= Spermosphere =

Region of soil surrounding a germinating seed

In plant science, the spermosphere is the zone surrounding a seed where soil, microorganisms, and seed germinating interact. The zone is a small area, typically 1–10 mm from the seed, but varying with seed type, the variety of soil microorganisms, the level of soil moisture, and other factors.

== Importance ==
Within the spermosphere, a range of complex interactions take place among the germinating seed, the soil, and the microbiome. Because germination is a brief process, the spermosphere is transient, but the impact of the microbial activity within the spermosphere can have strong and long-lasting effects on the developing plant. The spermosphere can even have impacts on managing stress during germination, as seen with Bacillus strains and peanut plants.

== Factors that influence spermosphere ==
Seeds exude various molecules that influence their surrounding microbial communities, either inhibiting or stimulating their growth. The composition of the exudates varies according to the plant type and such properties of the soil as its pH and moisture content.

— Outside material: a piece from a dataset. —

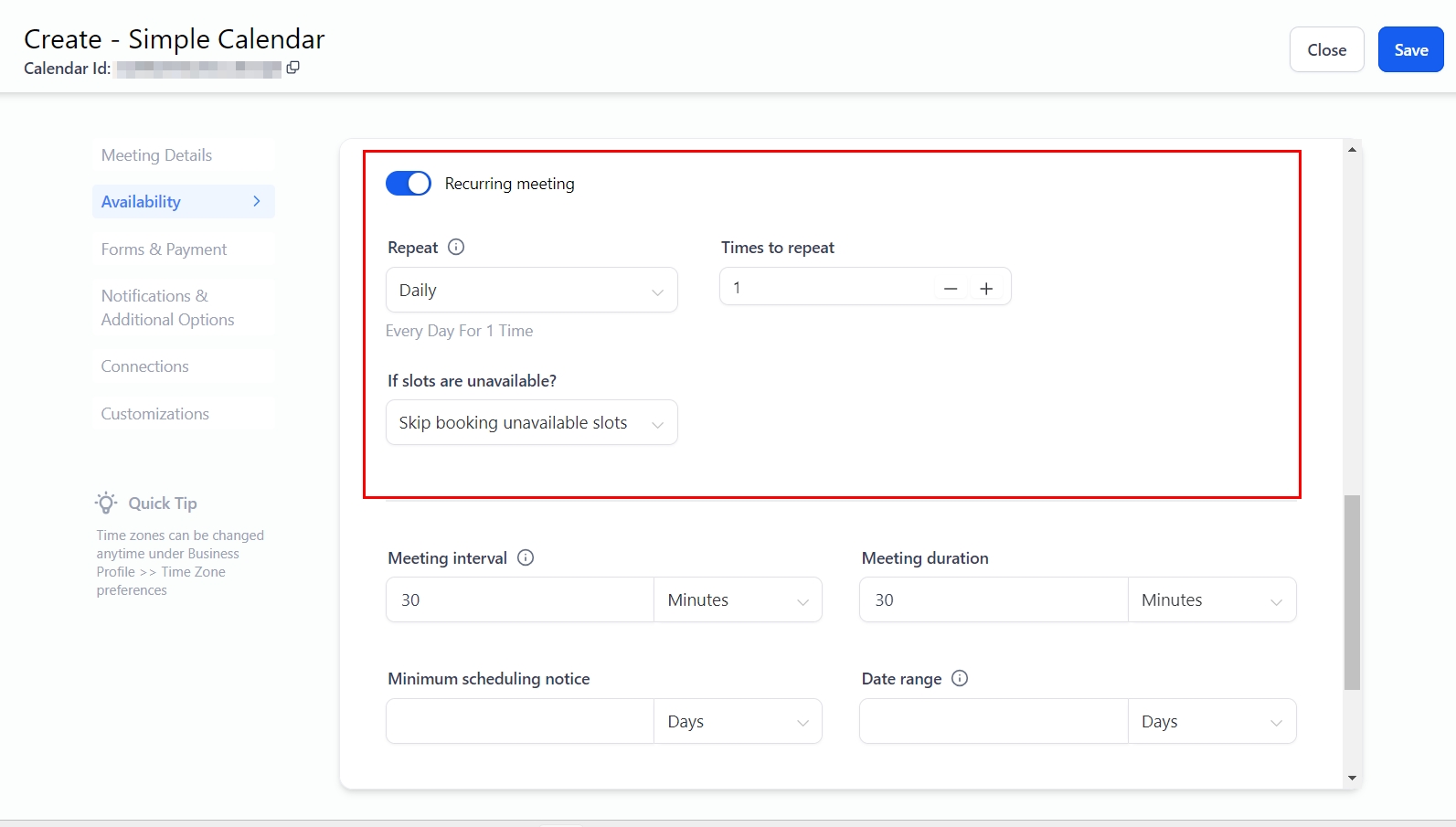 Enable this option for recurring meetings. Set the desired frequency for the appointment and the total number of consecutive occurrences. For unavailable time slots, you can choose to skip those slots, reschedule the appointment in the next available slot, or continue booking regardless of availability.

Soil type matters much more than seed type, specifically soil with a higher content of organic matter.

With these biochemical effects, the spermosphere develops both downward—to form the rhizosphere (upon the emergence of the plant's radicle)—and upward to form the laimosphere, which is the soil surrounding the growing plant stem, and the phyllosphere, which is the microbial community on the part of the plant above the soil. Specifically, the floral microbiota can play a role in the composition of the spermosphere like in plants such as wheat, grapevine, and rice. As the seed germinates, the function of the microbial community changes rather than its composition.

== Protection of the seed ==
The spermosphere also acts as biological control for the germinating seed which means certain beneficial microorganisms can protect the seed from plant pathogens. Many plant pathogens such as Fusarium and Pythium ultimum can colonize a newly germinating seed within the first few hours of planting. The seed can exudate molecules and nutrients that attract beneficial microorganisms to their spermosphere which then prevent the colonization of pathogens. There has been specific research in this area with cottonseeds in which they were coated with a beneficial bacteria which prevented the seed from being infected with a Pythium ultimum infection.